Однажды ее позвали в райком, и секретарь, дрожа от волнения, сказал: «Есть идея назвать новую улицу именем Коли Михайлова». Никогда ему не понять, до самой смерти, почему столь благородный и чистый порыв вызвал у молодой вдовы такое бешенство.
«Назови! - кричала она. - Назови! Хочешь, город назови - Михайловским! Пусть все путают, где жил Пушкин, а где живут дураки!»
Улицу назвать не разрешили, сочли недостаточным основанием для этого обаяние московского байдарочника и смерть в результате обыкновенного несчастного случая. Но с Катей многие перестали дружить в это время.
А через семь месяцев у нее в преждевременных родах родился мальчик. Был он слаб, нежизнеспособен, и Катя желала ему смерти.
Но то ли мало желала, то ли в Северске врачи свое дело знали, только мальчик выжил, и ему дали имя Павлик. Было очень трудно, и бабушка потихоньку стала продавать заморские вещи из богатых Катиных чемоданов, а однажды, валясь с ног от усталости после бессонных ночей, Катя достала сберегательную книжку, положенную ей в сумочку тогда, в Москве.
- Не вздумай в страстях выкинуть ее, - сказал на прощание Тимоша. - Это Колина расплата.
Они купили корову и поросенка, и сразу стало легче, и Павлик выправился, а вот у Кати начало расползаться без границ красное пятно от щеки и дальше. И сны ей стали сниться какие-то тяжелые. Серый дом падает на нее, и скрипит, и давит ее стенами. Но бабушка так была счастлива крепнущим правнуком и столь же крепнущим хозяйством, что на пятнистую Катю внимания не обращала. Подумаешь, нежности какие - пятно! Что же жаловаться тогда кривым, косым и горбатым? А они, слава богу, тоже живут, потому что родились и потому что люди. Коля вот умер… И бабушка истово крестилась, и возносила молитвы, и говорила: «Какой человек, какой человек!»

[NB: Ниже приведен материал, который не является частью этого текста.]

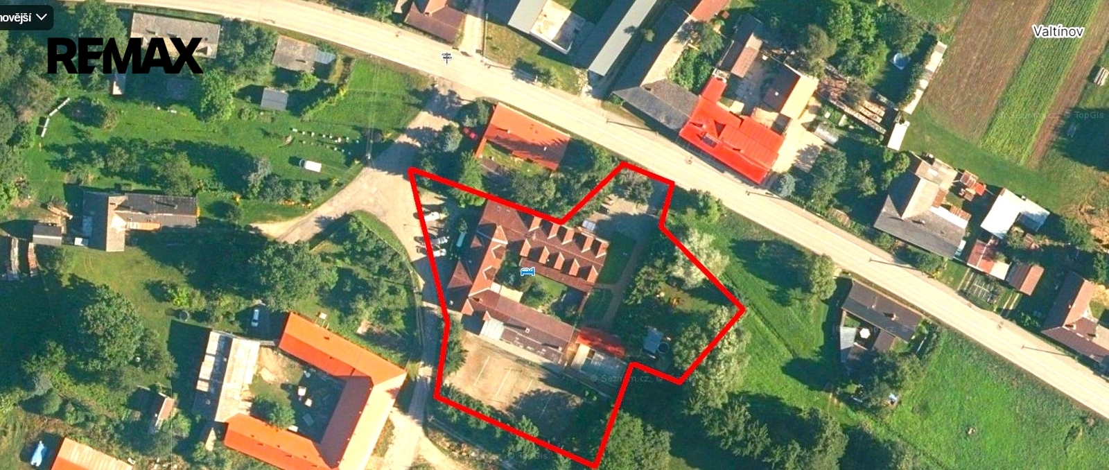 Dům o velikosti 300 m2 byl vybudován před 20 lety z asi 100 let starého zemědělského objektu. Zastavěná plocha činí cca 680 m2 a celková výměra parcely je 3811 m2. V současné době je nemovitost využívána jako penzion a nabízí k dispozici 8 pokojů a 2 apartmány. Každý pokoj disponuje vlastní koupelnou a WC. Každé křídlo (3 pokoje) má k dispozici společnou kuchyňku. Každý z apartmánů disponuje vlastní kompletně vybavenou prostornou kuchyní. Dále se zde nachází společenská místnost s vlastní kuchyňskou linkou. V přízemí penzionu se nachází restaurace s kapacitou 40 míst a prostornou kuchyní. Dále možno využít posezení na venkovní terase o velikosti cca 30 míst. Přímo u domu se nachází zastřešený bazén, víceúčelové sportovní hřiště, dětské hřiště s houpačkami a skluzavkou a venkovní posezení s grilem. Parkování možno na vlastním parkovišti před domem nebo přímo v areálu.
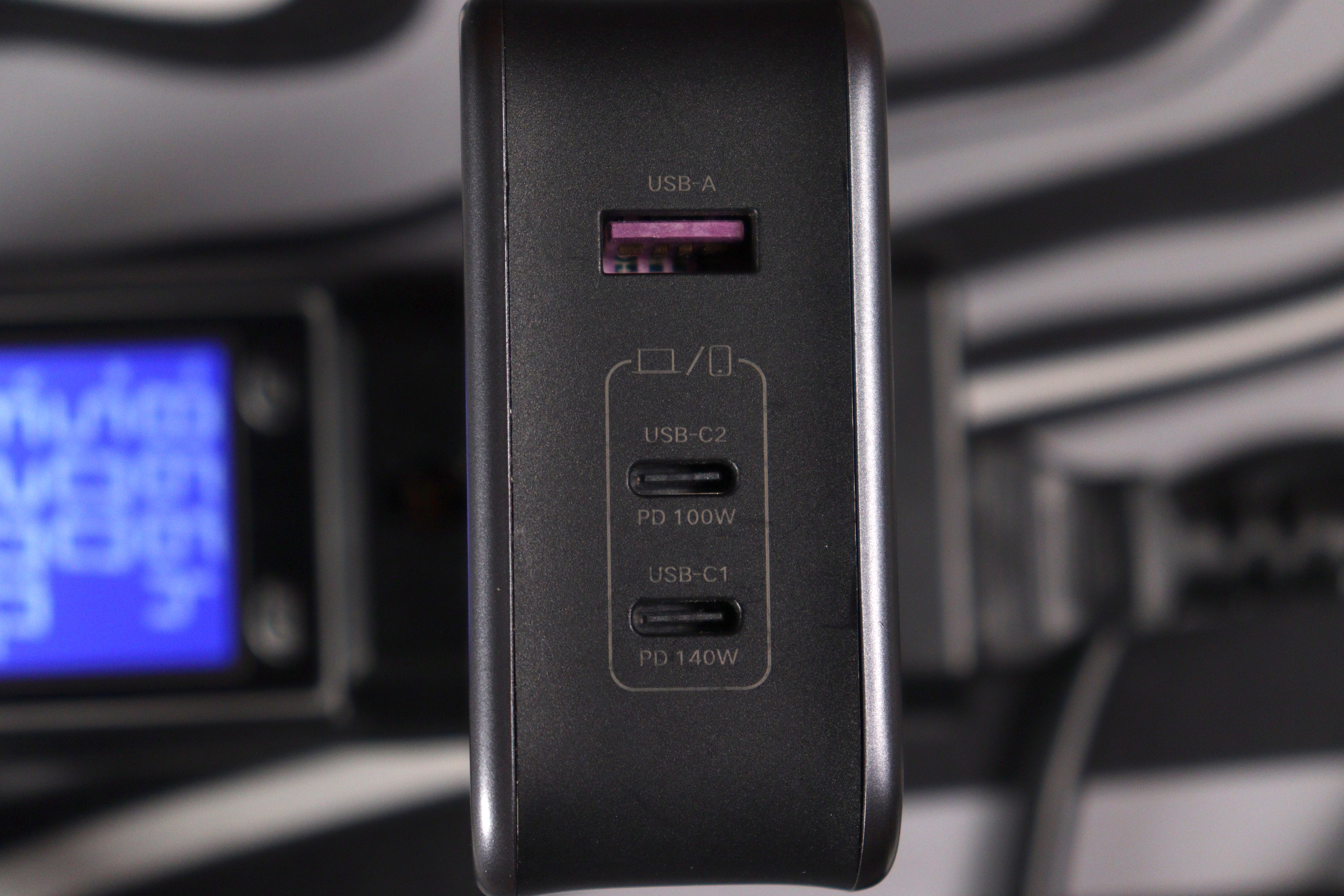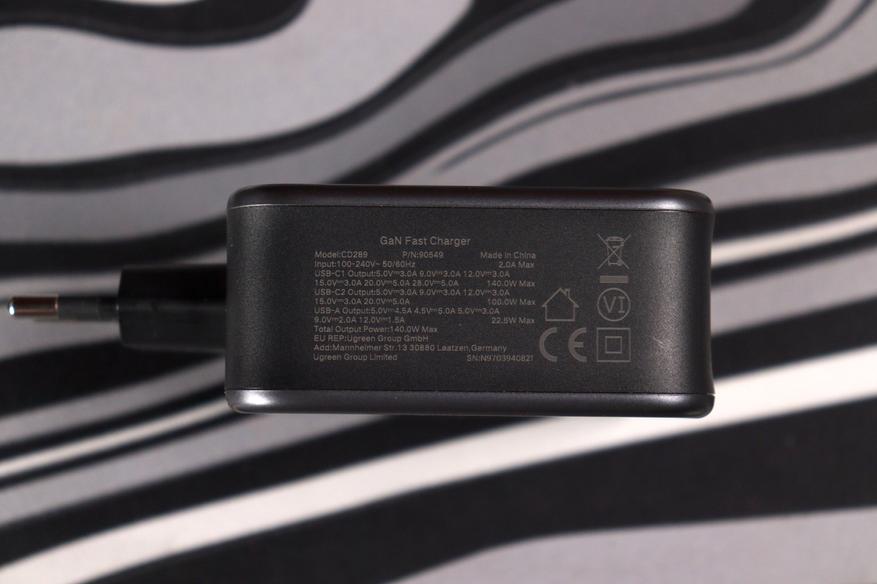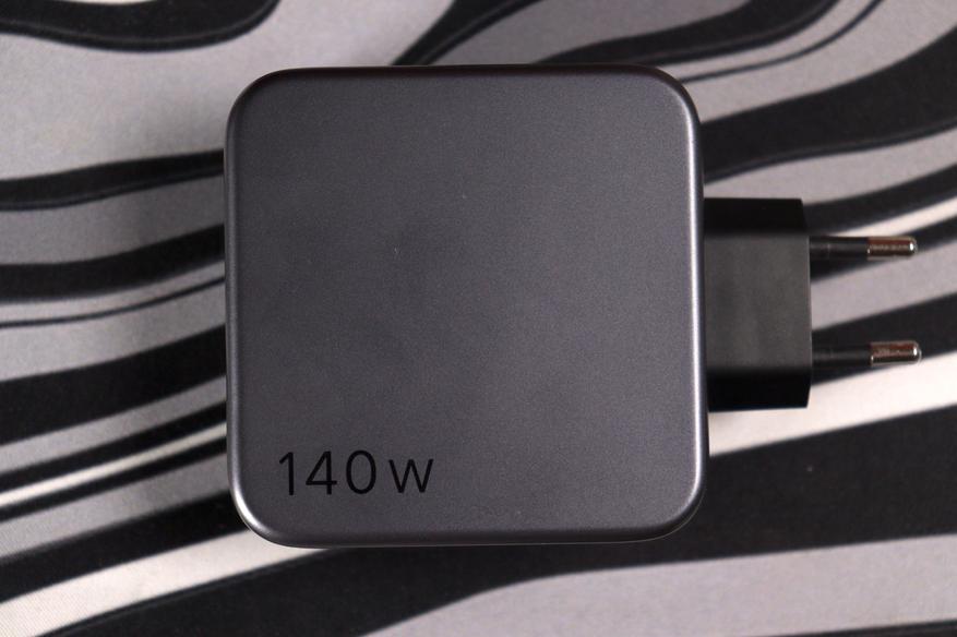 Корпус квадратный, матовый пластик тёмно-серого цвета. Никаких изысков в дизайне — просто функциональная коробочка. На лицевой панели три порта: два USB-C и один USB-A. Маркировка подсказывает, что C1 тянет до 140 ватт, C2 до 100 ватт, а USB-A выдаёт до 22,5 ватт. Евровилка несъёмная, что для путешествий не очень удобно, но для домашнего использования нормально.
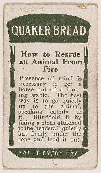 - Title: How to Rescue an Animal From Fire, No. 16, card verso, bakery insert card from the How To Do It series (D45), issued by the Welle-Boettler Bakery Company
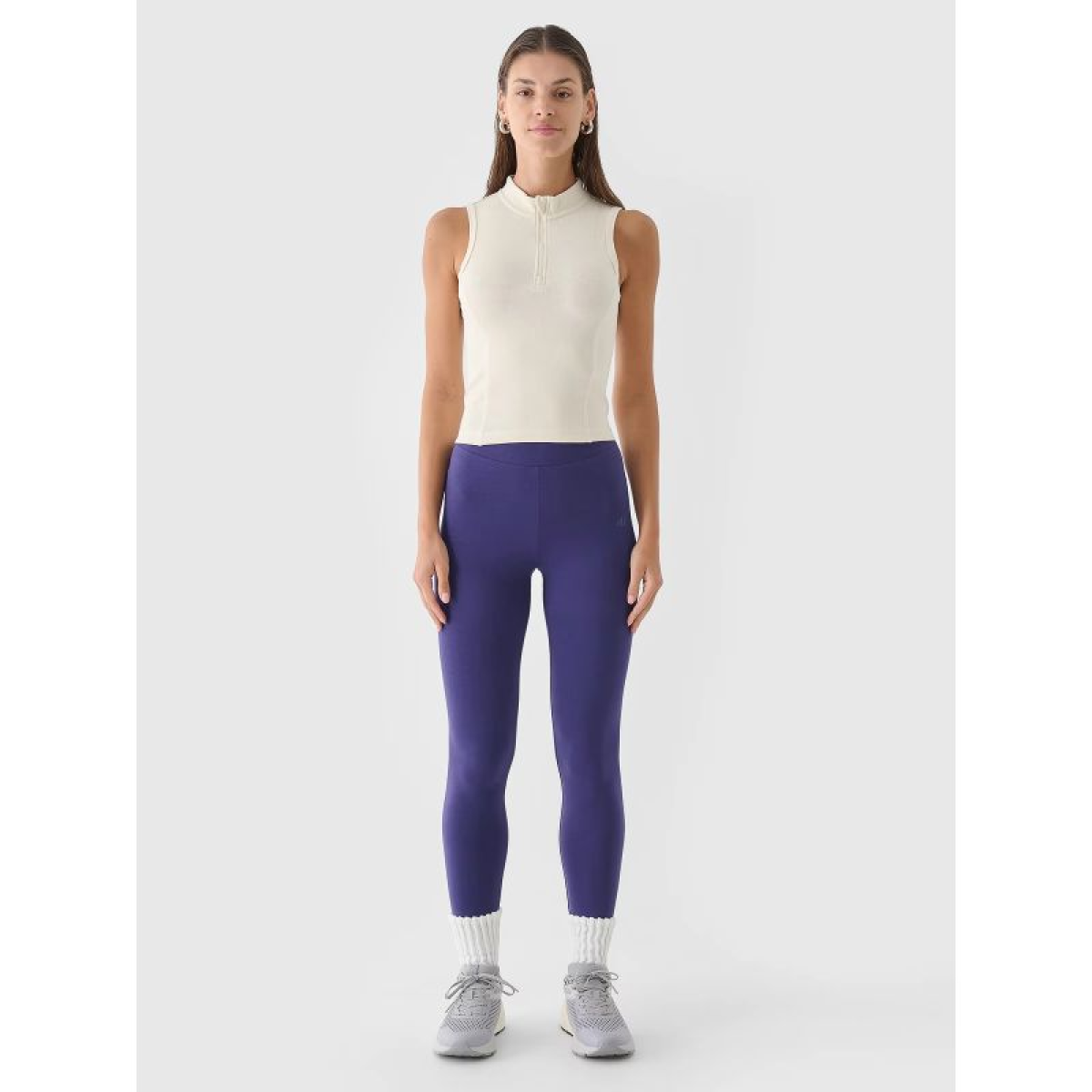Women's cotton leggings are perfect for both casual and everyday sporty outfits. These women's casual leggings feature a slim fit that hugs the body. The single jersey weave with a smooth, one-sided surface makes them flexible and comfortable to wear. They feature a high waist that stays in place and provides enhanced coverage, and full-length legs that fall below the ankle. These women's 4F leggings are made of 95% cotton , making the material soft, durable, and pleasant to the touch. Thanks to the addition of 5% elastane, they are stretchy and fit comfortably. No pockets. The elastic waistband is non-adjustable.

Это сознание, будто она, Катя, фактически живет за счет Коли и его родителей, было до такой степени угнетающим и мучительным, что она и сберкнижку хотела выбросить, и корову продать, и мечтала, как мать, завербоваться куда-нибудь к черту на рога, чтоб заработать кучу денег и швырнуть им в лицо… Но мало ли о чем мы мечтаем? Начиналось утро, просыпался Павлик, бабушка несла ему теплое молоко, и глаза у нее становились молодые, лучистые, вторую молодость она переживала с тех пор, как появилась у них в сарае круторогая Райка. И приходили к ним соседи, и бабушка продавала им молоко в чистых стеклянных банках и только сокрушалась, что специальной глиняной посуды нет. А молоко в банке - это не то…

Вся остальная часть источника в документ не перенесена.